I hadn't really planned to retire, but I found I was struggling so much I couldn't do a decent job, and decided it was time to concentrate on other things.

I've always wondered how whirlwind like people could do it, while I had my hands full with a few things, and had to prioritize, leaving lots undone.

Come to find out (in my 60's, mind you) that I have a congenital heart defect that means I wasn't getting enough oxygen in my blood. No wonder I'd have such difficulty carrying my share of the picnic supplies while my siblings ran on ahead, their arms full. I have a patch on my heart now, that helps a lot (I'd gotten to the point where I was sleeping over 12 hours a day)although I still have a leaking heart valve. But I can do things again!

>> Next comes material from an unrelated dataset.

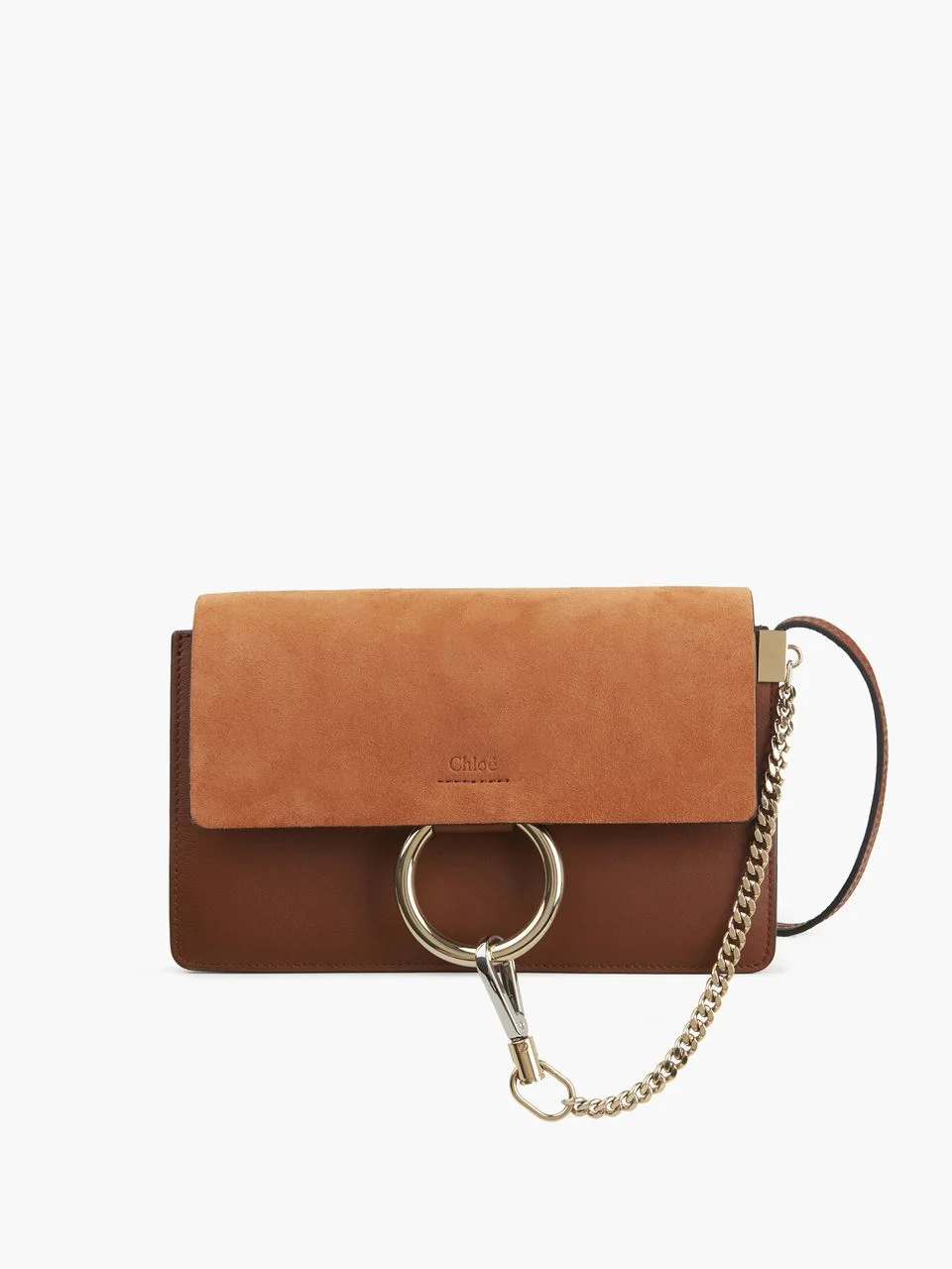 A perfect blend of suede and lambskin leather, the Chloe Faye is one of my favorite bags for its simplicity and contrast in material. This bag comes in many sizes ranging from wallet on chain to medium, and can be worn as a cross body or held as a clutch. It comes in a range of colors as well. The gold hardware against the leather creates the perfect bit of minimalist detail in the style that Chloe perfects.
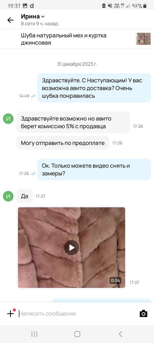 Честное слово, не хотела писать эту статью. Но последний случай меня выбесил просто. Я покупаю на авито вещи не только для себя, но что то и для перепродажи. И не первый раз. И уже столкнулась с тем, что в большинстве своем люди обманывают. Потому что как в известной среди молодежи песне "но за деньги да". Вот и здесь ради денег люди готовы на все. И я просто иногда рот открываю от наглости. Честное слово, никогда с таким не сталкивалась раньше. Но авито может все. Одежда "в идеальном состоянии" с дырками и катышками, сломанные молнии и оторванные застежки и прочая мелочь. Последние пару месяцев я активно покупаю на авито. И вот ощущение, что нормальных продавцов нет. Обязательно кто то что-то умолчит или недоговорит. А сейчас - бинго, вершина этого айсберга. Во-первых продавец с большим количеством положительных отзывов и нормальный в общении (не верьте! гарантии никакой!). Например вот. Написала продавцу. В общении человек достаточно вежливый и приятный. Шубка понравилась. Пишу даль

One compromise I made when I started writing seriously was that I couldn't worry about the house (the heart problem made repairs and even regular housekeeping difficult) The price I pay for that is a very dusty house in disrepair. I'm trying to solve that puzzle, but meanwhile, I'm glad I chose my writing over my house.

E. B. Davis said...

Why is it when I'm super busy--I end up going to Home Depot every other day? Packing, moving stuff, and then seeing what is behind it--which means I'm also painting. Can't wait until mid-April when we will finally be in Hatteras! Life is too short for all we want to do. Happy Monday everyone!

Linda Rodriguez said...

KM, that's a choice I've made also. I can't do a lot of the housework that I used to do (have lost quite a bit of range of motion and need to use a cane), so no one sees my house anymore where the dust bunnies have all been eaten by the dust gorillas. I'm working full-time at home with writing books (and promoting, etc.), teaching, and freelance editorial work of various sorts, and my husband works a full-time job and teaches classes at another university on top of that, as well as handling some necessary chores I can't do any longer like laundry (can't reach far enough into the washing machine or dryer). In the past, I'd be terribly ashamed of the mess my house is in, but like you, I've had to make choices.

Linda Rodriguez said...

Elaine, I hope you're soon out of that whirlwind that is packing, selling the house, and moving. That is one of the most stressful situations.

Linda Thorne said...

I can sure relate to this. I have a job where I never know when a crisis is brewing. I don't help save people from injury or death, but I'm in human resources and I'm dealing with people and their issues constantly. There are taxes to do, dogs to take to the vet, and good things like family to visit. I feel guilty when I take an hour once in awhile to watch NCIS on TV with my husband. Meanwhile my book that's a work-in-progress gets ignored.

Linda Rodriguez said...

The thing is, Linda, that we never "find" time to write. We can only ever "make" time to write. And I know this. So it's time to pull myself up and get up a little earlier or stay up a little later or write during lunch or all of these.